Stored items
*** Begin section ***

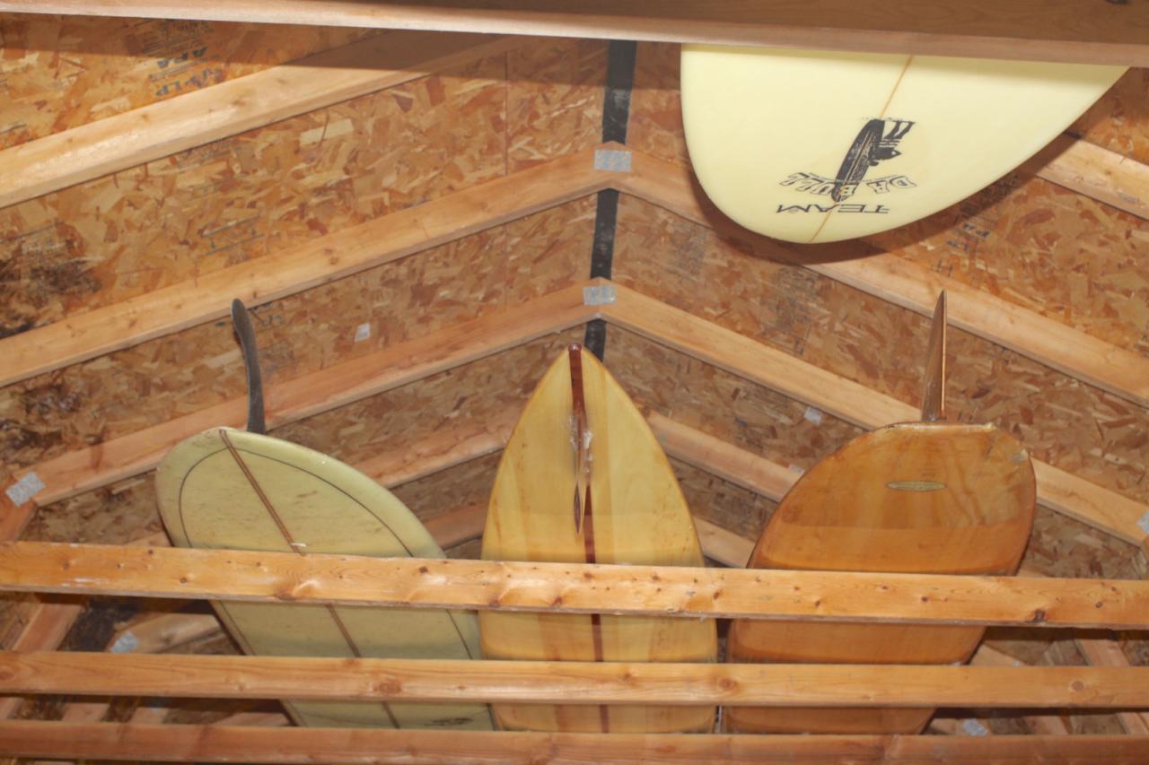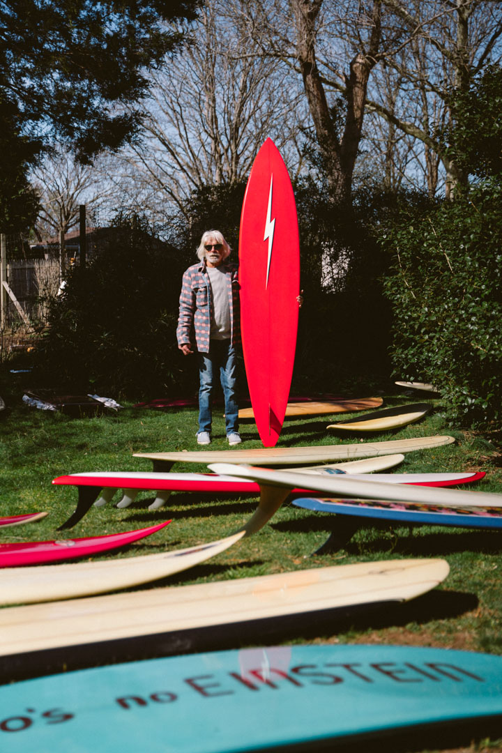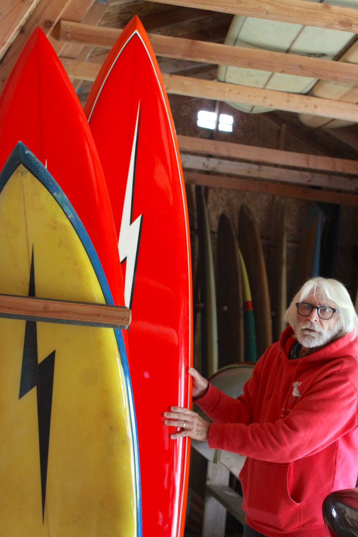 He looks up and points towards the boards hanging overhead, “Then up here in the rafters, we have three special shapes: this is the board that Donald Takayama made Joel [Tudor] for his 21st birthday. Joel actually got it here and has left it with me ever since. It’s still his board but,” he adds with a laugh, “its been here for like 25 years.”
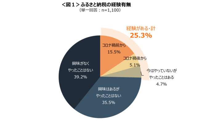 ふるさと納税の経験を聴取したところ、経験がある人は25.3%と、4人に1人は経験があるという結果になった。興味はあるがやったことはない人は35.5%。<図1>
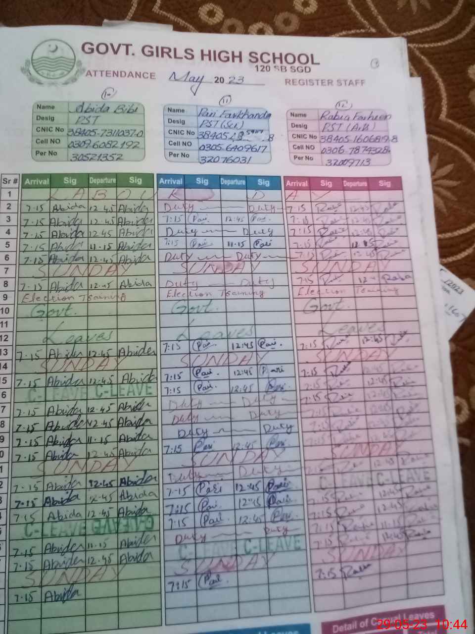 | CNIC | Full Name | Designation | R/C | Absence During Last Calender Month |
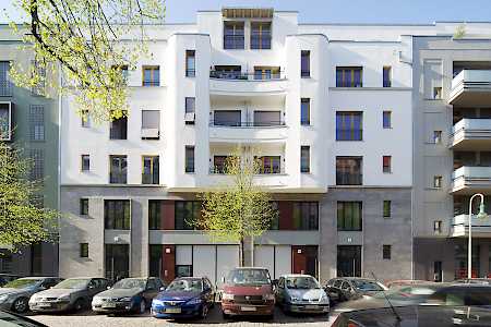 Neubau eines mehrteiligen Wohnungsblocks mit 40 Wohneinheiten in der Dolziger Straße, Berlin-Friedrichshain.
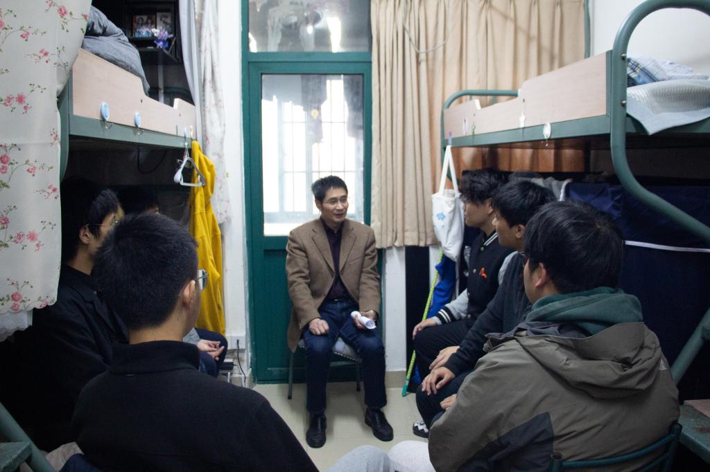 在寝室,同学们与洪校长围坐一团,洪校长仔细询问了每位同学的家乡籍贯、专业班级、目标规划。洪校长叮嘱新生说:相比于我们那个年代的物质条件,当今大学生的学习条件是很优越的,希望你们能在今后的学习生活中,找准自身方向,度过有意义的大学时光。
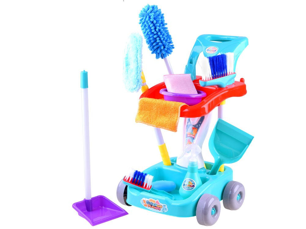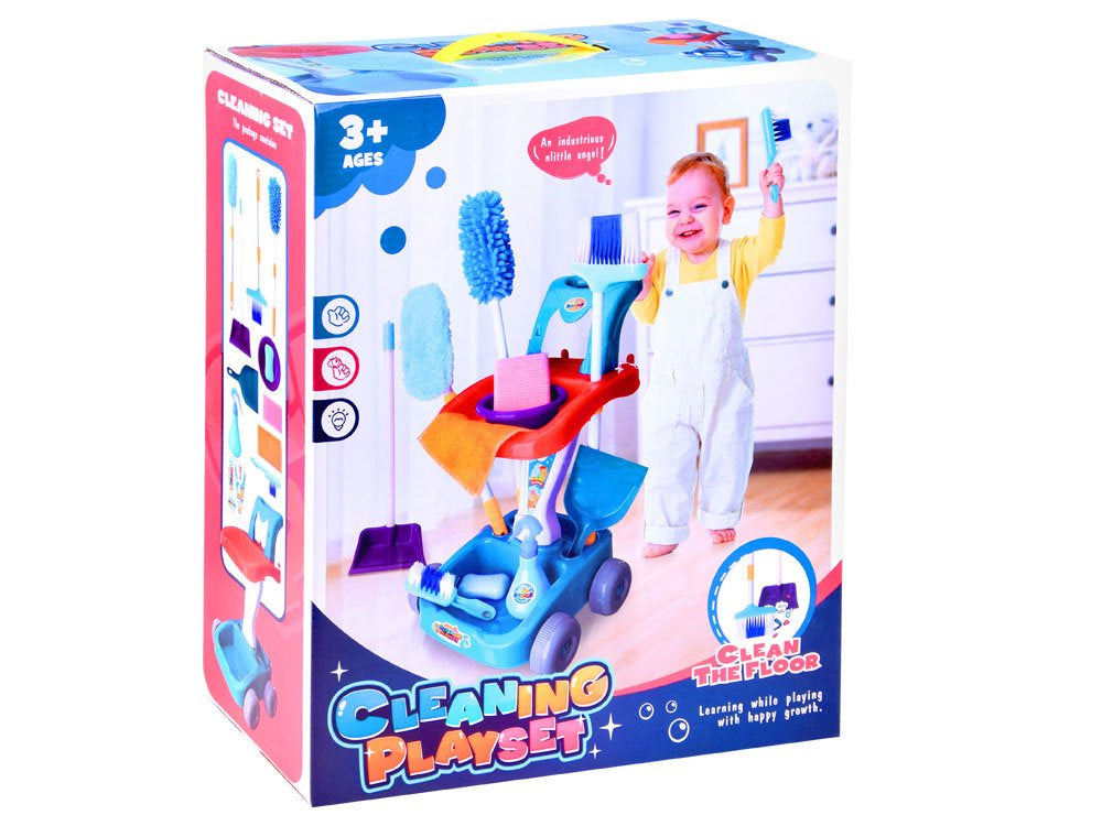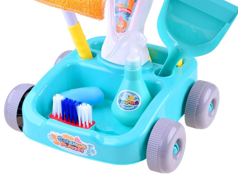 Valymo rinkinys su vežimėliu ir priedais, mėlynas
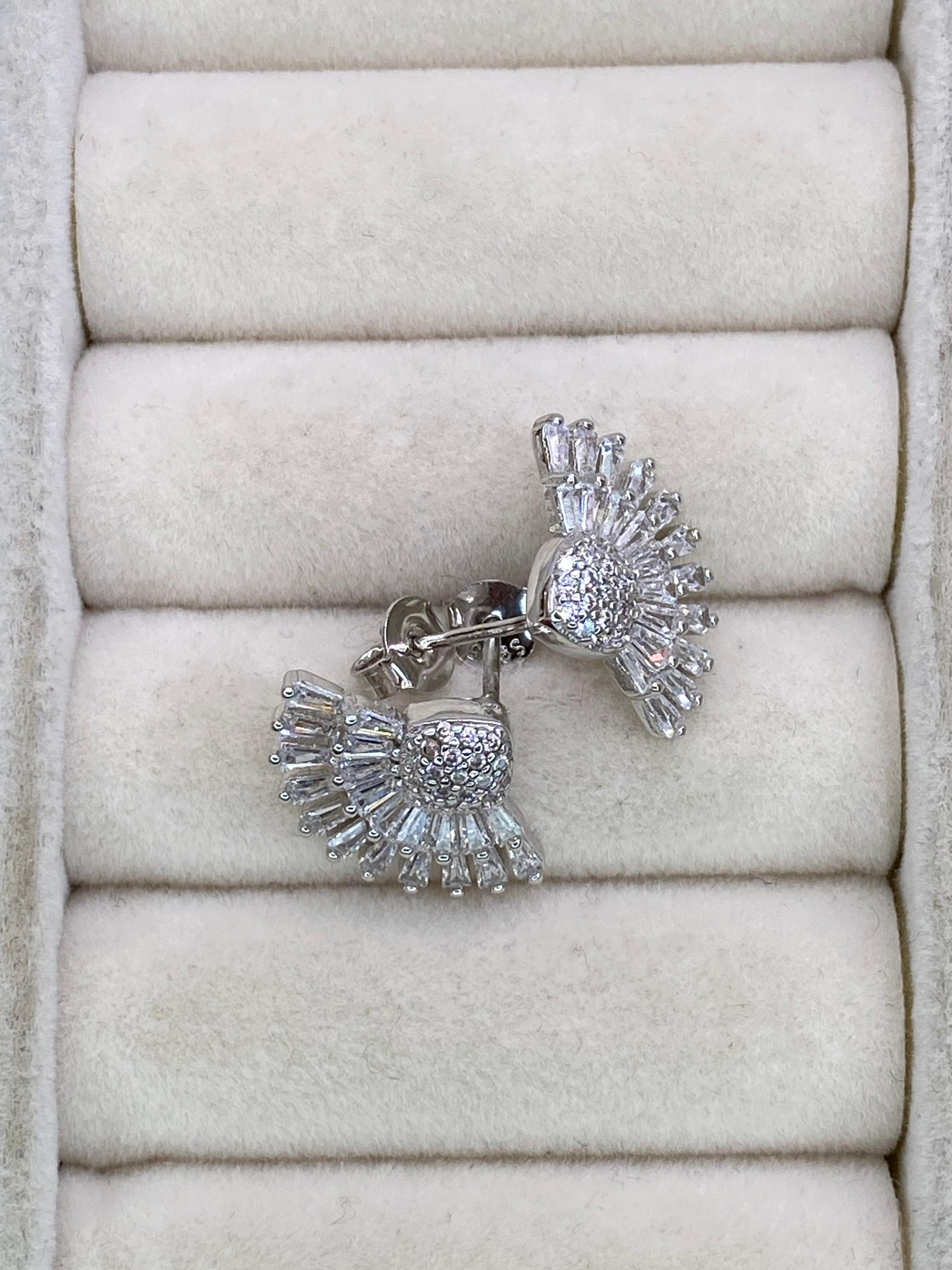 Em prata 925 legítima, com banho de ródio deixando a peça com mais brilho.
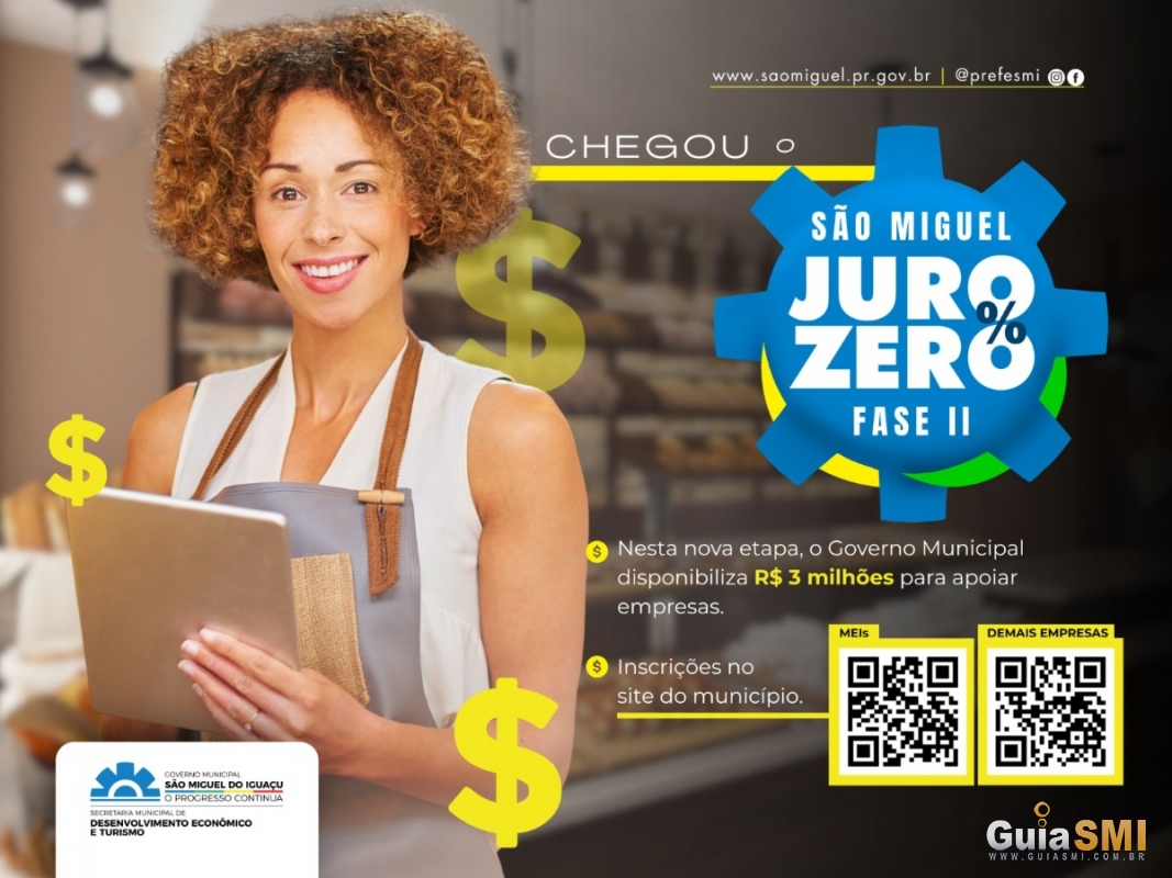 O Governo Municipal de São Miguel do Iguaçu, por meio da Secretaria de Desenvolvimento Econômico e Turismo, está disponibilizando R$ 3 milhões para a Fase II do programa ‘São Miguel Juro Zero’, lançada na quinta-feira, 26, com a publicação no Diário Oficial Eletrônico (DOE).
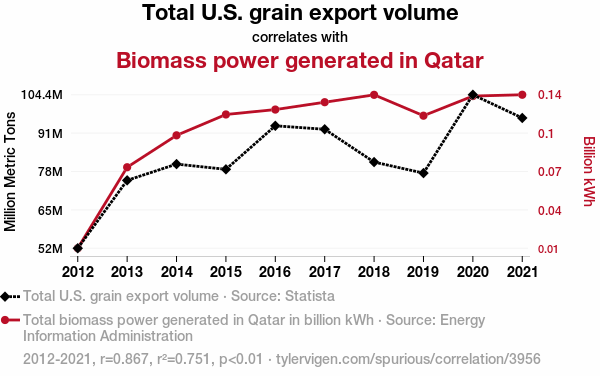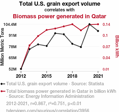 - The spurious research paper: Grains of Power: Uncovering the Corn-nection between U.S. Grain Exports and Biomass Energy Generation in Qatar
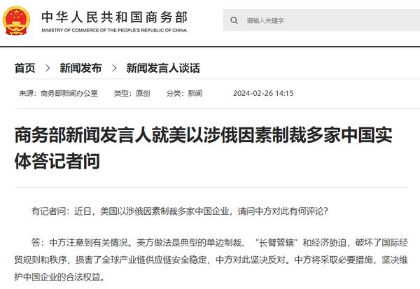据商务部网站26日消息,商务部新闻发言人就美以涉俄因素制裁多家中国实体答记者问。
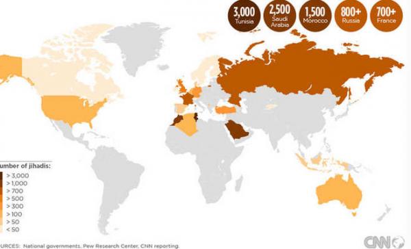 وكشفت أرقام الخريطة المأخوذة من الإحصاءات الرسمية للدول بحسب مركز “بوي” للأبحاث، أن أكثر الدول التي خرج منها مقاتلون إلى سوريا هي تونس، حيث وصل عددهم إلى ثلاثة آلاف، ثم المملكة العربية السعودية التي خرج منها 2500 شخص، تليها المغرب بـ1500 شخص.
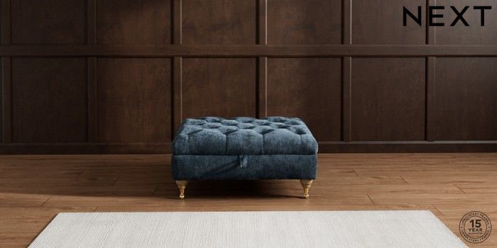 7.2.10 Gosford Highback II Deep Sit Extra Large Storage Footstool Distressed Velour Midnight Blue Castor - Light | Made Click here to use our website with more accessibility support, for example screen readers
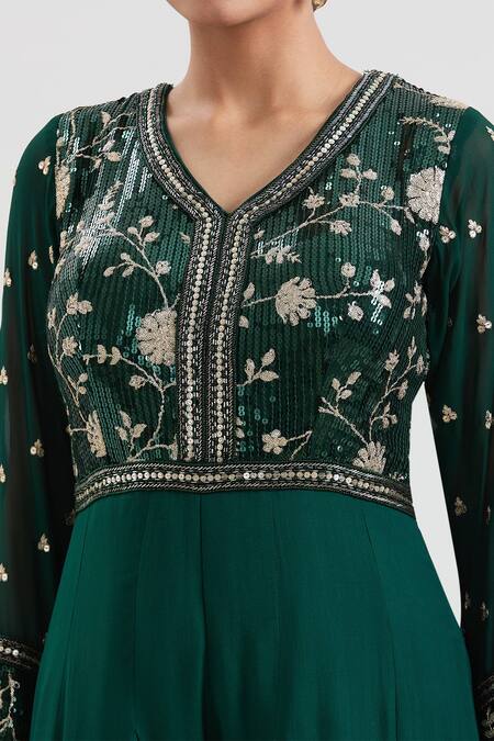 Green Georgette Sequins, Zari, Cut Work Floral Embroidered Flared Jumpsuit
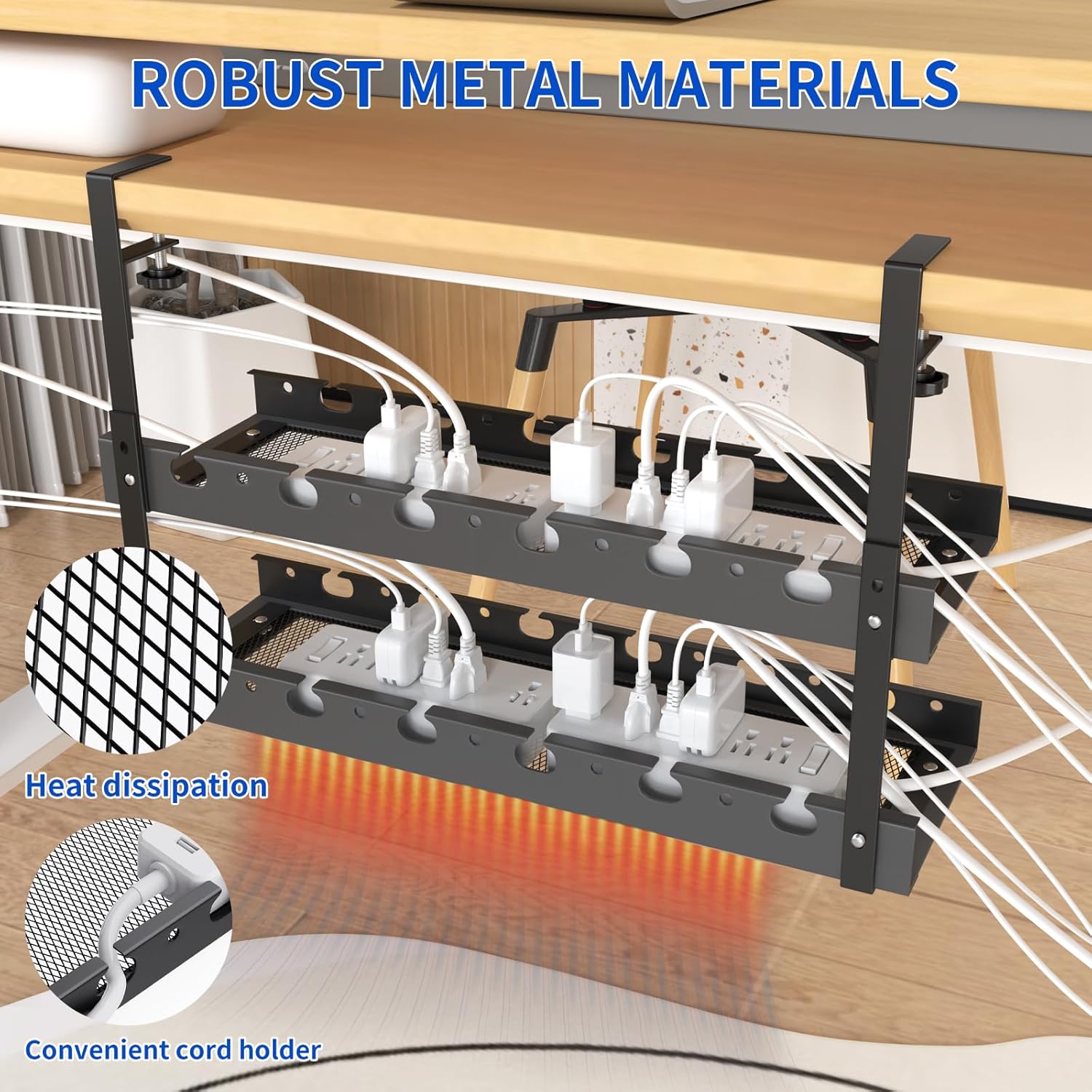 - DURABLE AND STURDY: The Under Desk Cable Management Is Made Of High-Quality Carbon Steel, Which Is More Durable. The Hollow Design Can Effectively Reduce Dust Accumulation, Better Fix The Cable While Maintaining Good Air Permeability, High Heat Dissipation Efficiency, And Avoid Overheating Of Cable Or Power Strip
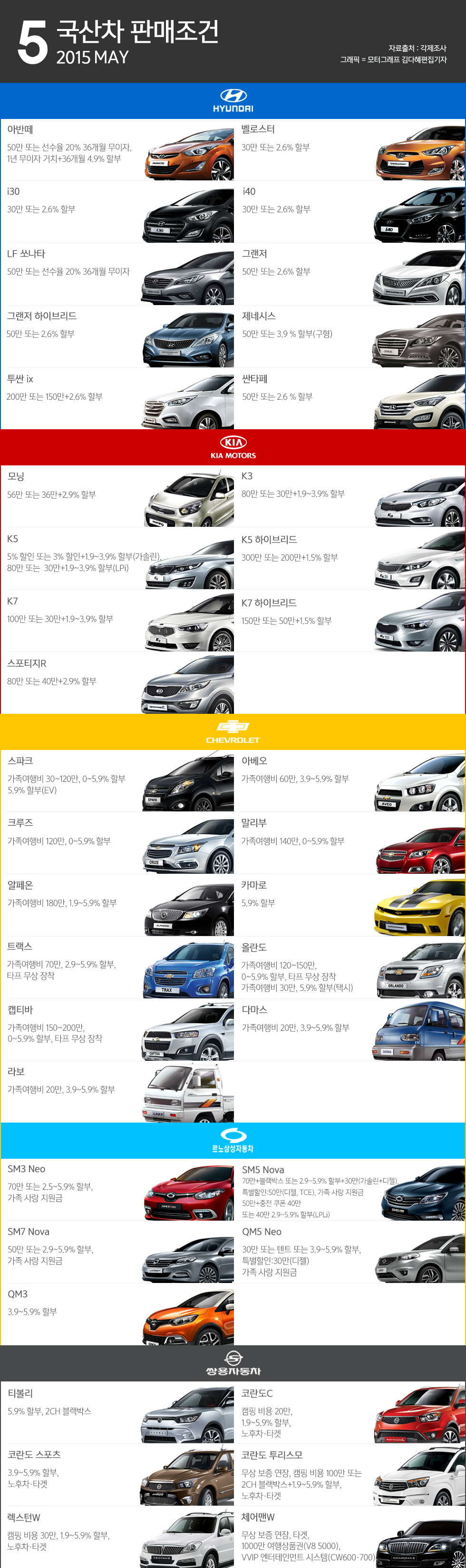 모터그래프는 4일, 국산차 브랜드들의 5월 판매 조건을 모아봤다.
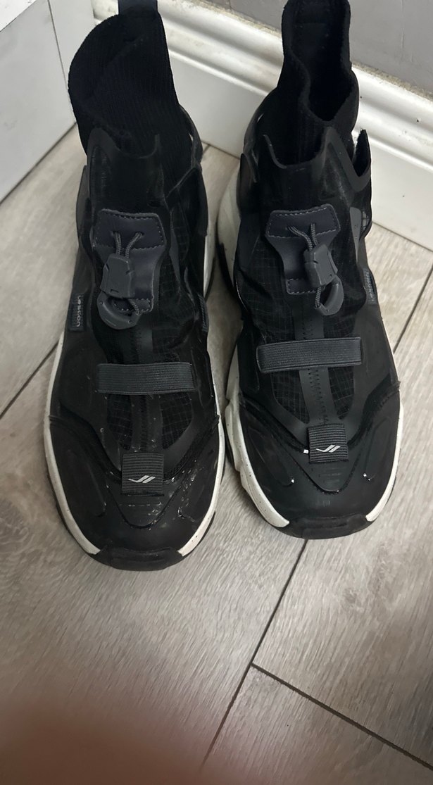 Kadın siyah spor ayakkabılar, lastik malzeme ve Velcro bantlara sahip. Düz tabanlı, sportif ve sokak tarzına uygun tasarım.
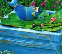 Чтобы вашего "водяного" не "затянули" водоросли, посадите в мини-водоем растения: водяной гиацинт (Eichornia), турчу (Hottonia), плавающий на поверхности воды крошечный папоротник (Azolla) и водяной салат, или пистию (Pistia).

*** End section ***

**TASK OBJECTIVE**
Please reproduce every entry above exactly, but leave out the pictures.

**OUTPUT OF THE TASK**
 He looks up and points towards the boards hanging overhead, “Then up here in the rafters, we have three special shapes: this is the board that Donald Takayama made Joel [Tudor] for his 21st birthday. Joel actually got it here and has left it with me ever since. It’s still his board but,” he adds with a laugh, “its been here for like 25 years.”
 ふるさと納税の経験を聴取したところ、経験がある人は25.3%と、4人に1人は経験があるという結果になった。興味はあるがやったことはない人は35.5%。<図1>
 | CNIC | Full Name | Designation | R/C | Absence During Last Calender Month |
 Neubau eines mehrteiligen Wohnungsblocks mit 40 Wohneinheiten in der Dolziger Straße, Berlin-Friedrichshain.
 在寝室,同学们与洪校长围坐一团,洪校长仔细询问了每位同学的家乡籍贯、专业班级、目标规划。洪校长叮嘱新生说:相比于我们那个年代的物质条件,当今大学生的学习条件是很优越的,希望你们能在今后的学习生活中,找准自身方向,度过有意义的大学时光。
 Valymo rinkinys su vežimėliu ir priedais, mėlynas
 Em prata 925 legítima, com banho de ródio deixando a peça com mais brilho.
 O Governo Municipal de São Miguel do Iguaçu, por meio da Secretaria de Desenvolvimento Econômico e Turismo, está disponibilizando R$ 3 milhões para a Fase II do programa ‘São Miguel Juro Zero’, lançada na quinta-feira, 26, com a publicação no Diário Oficial Eletrônico (DOE).
 - The spurious research paper: Grains of Power: Uncovering the Corn-nection between U.S. Grain Exports and Biomass Energy Generation in Qatar
据商务部网站26日消息,商务部新闻发言人就美以涉俄因素制裁多家中国实体答记者问。
 وكشفت أرقام الخريطة المأخوذة من الإحصاءات الرسمية للدول بحسب مركز “بوي” للأبحاث، أن أكثر الدول التي خرج منها مقاتلون إلى سوريا هي تونس، حيث وصل عددهم إلى ثلاثة آلاف، ثم المملكة العربية السعودية التي خرج منها 2500 شخص، تليها المغرب بـ1500 شخص.
 7.2.10 Gosford Highback II Deep Sit Extra Large Storage Footstool Distressed Velour Midnight Blue Castor - Light | Made Click here to use our website with more accessibility support, for example screen readers
 Green Georgette Sequins, Zari, Cut Work Floral Embroidered Flared Jumpsuit
 - DURABLE AND STURDY: The Under Desk Cable Management Is Made Of High-Quality Carbon Steel, Which Is More Durable. The Hollow Design Can Effectively Reduce Dust Accumulation, Better Fix The Cable While Maintaining Good Air Permeability, High Heat Dissipation Efficiency, And Avoid Overheating Of Cable Or Power Strip
 모터그래프는 4일, 국산차 브랜드들의 5월 판매 조건을 모아봤다.
 Kadın siyah spor ayakkabılar, lastik malzeme ve Velcro bantlara sahip. Düz tabanlı, sportif ve sokak tarzına uygun tasarım.
 Чтобы вашего "водяного" не "затянули" водоросли, посадите в мини-водоем растения: водяной гиацинт (Eichornia), турчу (Hottonia), плавающий на поверхности воды крошечный папоротник (Azolla) и водяной салат, или пистию (Pistia).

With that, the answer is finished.